**Stored data**

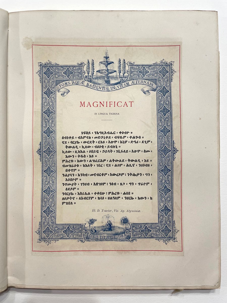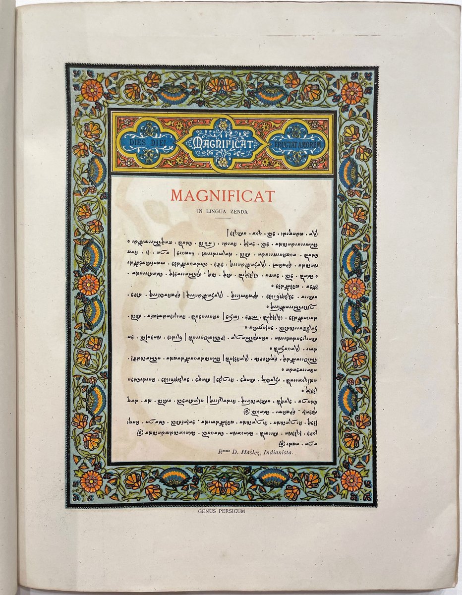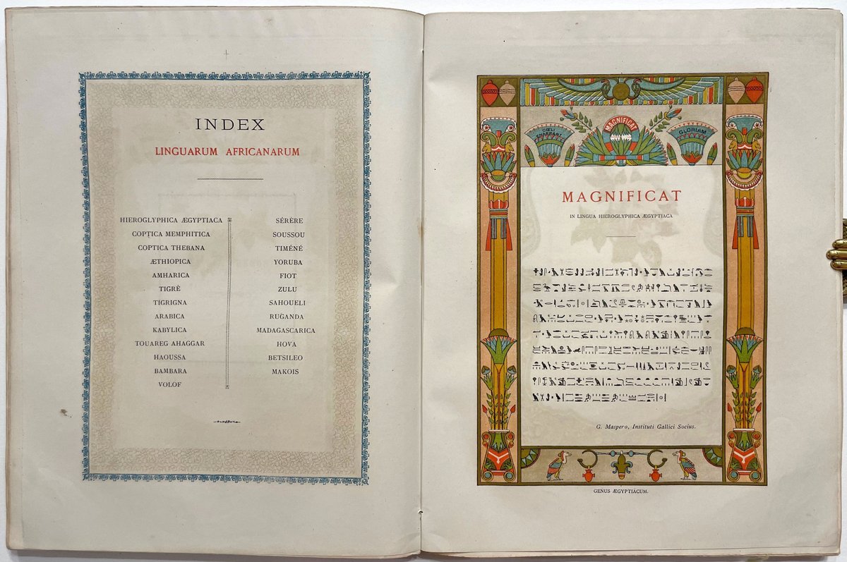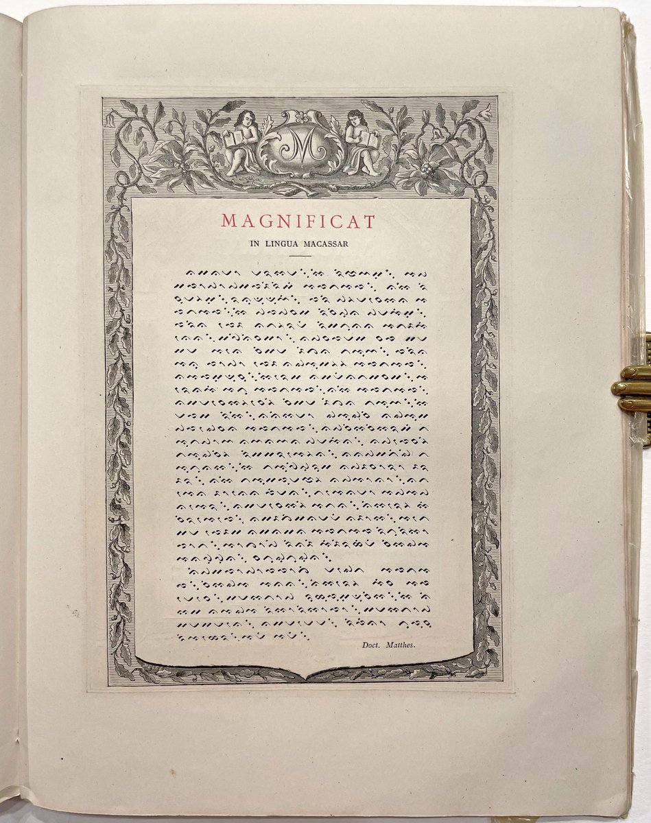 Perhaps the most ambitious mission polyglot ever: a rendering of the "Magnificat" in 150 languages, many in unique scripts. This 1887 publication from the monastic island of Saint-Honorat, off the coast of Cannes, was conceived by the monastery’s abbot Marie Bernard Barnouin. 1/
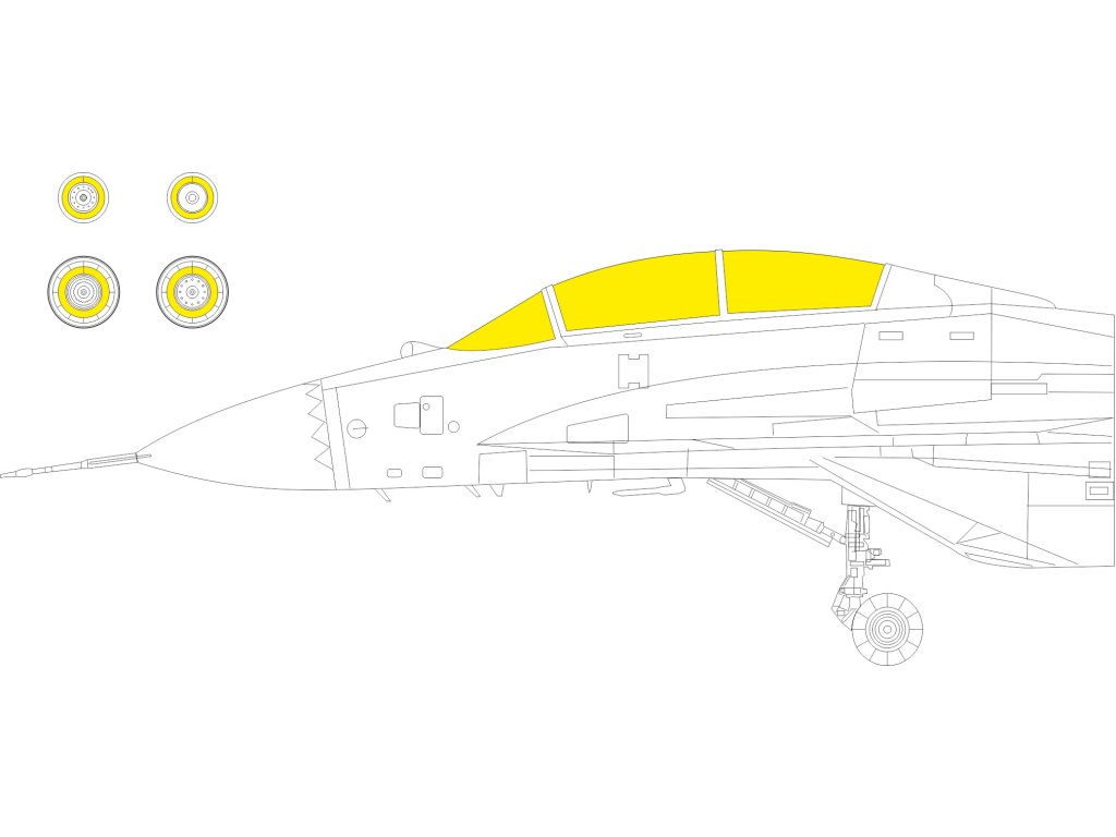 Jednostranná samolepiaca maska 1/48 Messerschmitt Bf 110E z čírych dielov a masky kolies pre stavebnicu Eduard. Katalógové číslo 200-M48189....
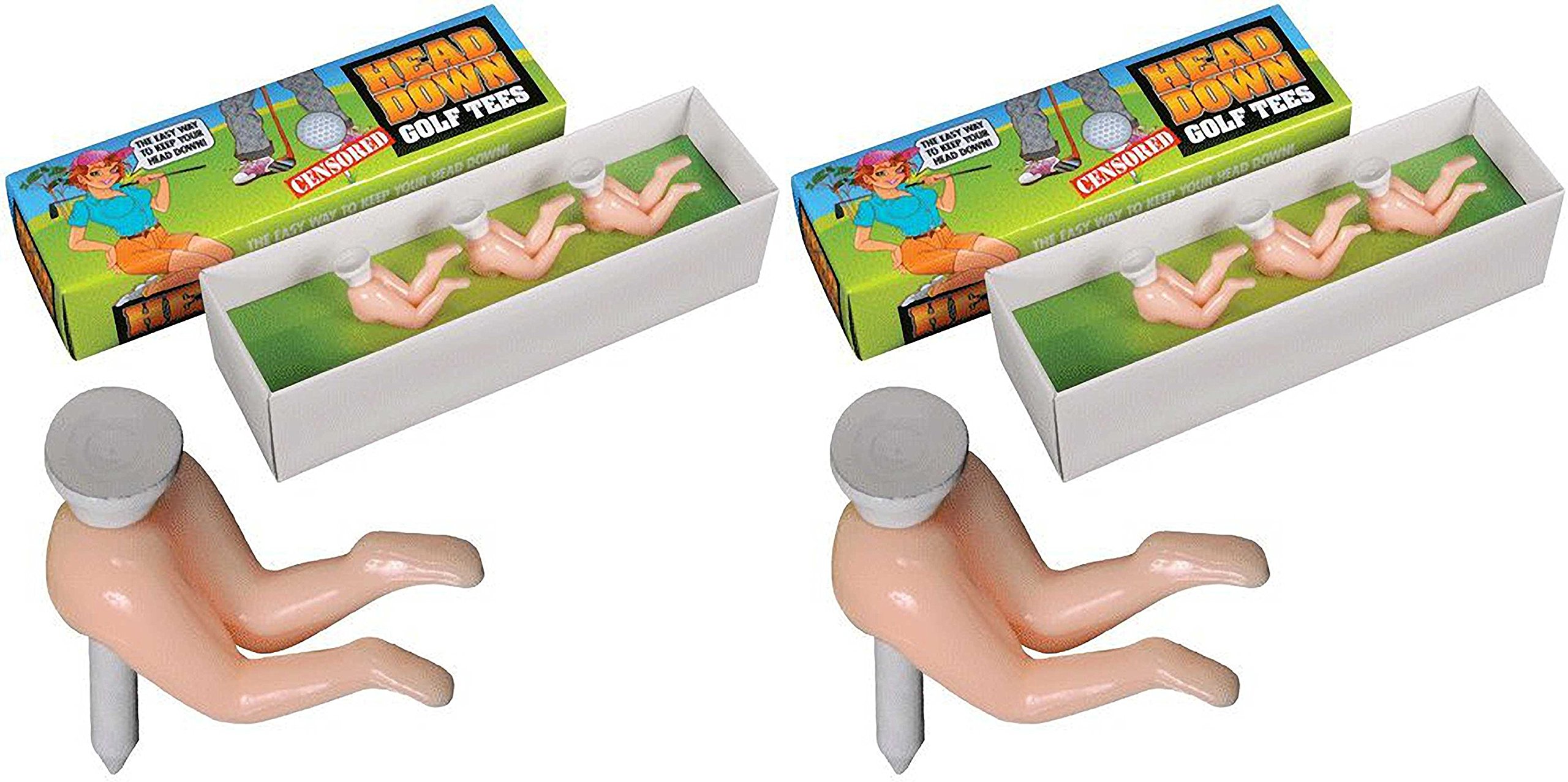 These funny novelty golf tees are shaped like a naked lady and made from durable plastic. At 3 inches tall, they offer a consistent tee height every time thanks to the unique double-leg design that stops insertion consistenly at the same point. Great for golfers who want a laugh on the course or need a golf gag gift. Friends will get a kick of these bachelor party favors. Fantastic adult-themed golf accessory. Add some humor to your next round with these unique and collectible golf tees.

**Problem requirements**
Every line of the listing above is to be retyped exactly, but the pictures are to be dropped.

**Reply**
 Perhaps the most ambitious mission polyglot ever: a rendering of the "Magnificat" in 150 languages, many in unique scripts. This 1887 publication from the monastic island of Saint-Honorat, off the coast of Cannes, was conceived by the monastery’s abbot Marie Bernard Barnouin. 1/
 Jednostranná samolepiaca maska 1/48 Messerschmitt Bf 110E z čírych dielov a masky kolies pre stavebnicu Eduard. Katalógové číslo 200-M48189....
 These funny novelty golf tees are shaped like a naked lady and made from durable plastic. At 3 inches tall, they offer a consistent tee height every time thanks to the unique double-leg design that stops insertion consistenly at the same point. Great for golfers who want a laugh on the course or need a golf gag gift. Friends will get a kick of these bachelor party favors. Fantastic adult-themed golf accessory. Add some humor to your next round with these unique and collectible golf tees.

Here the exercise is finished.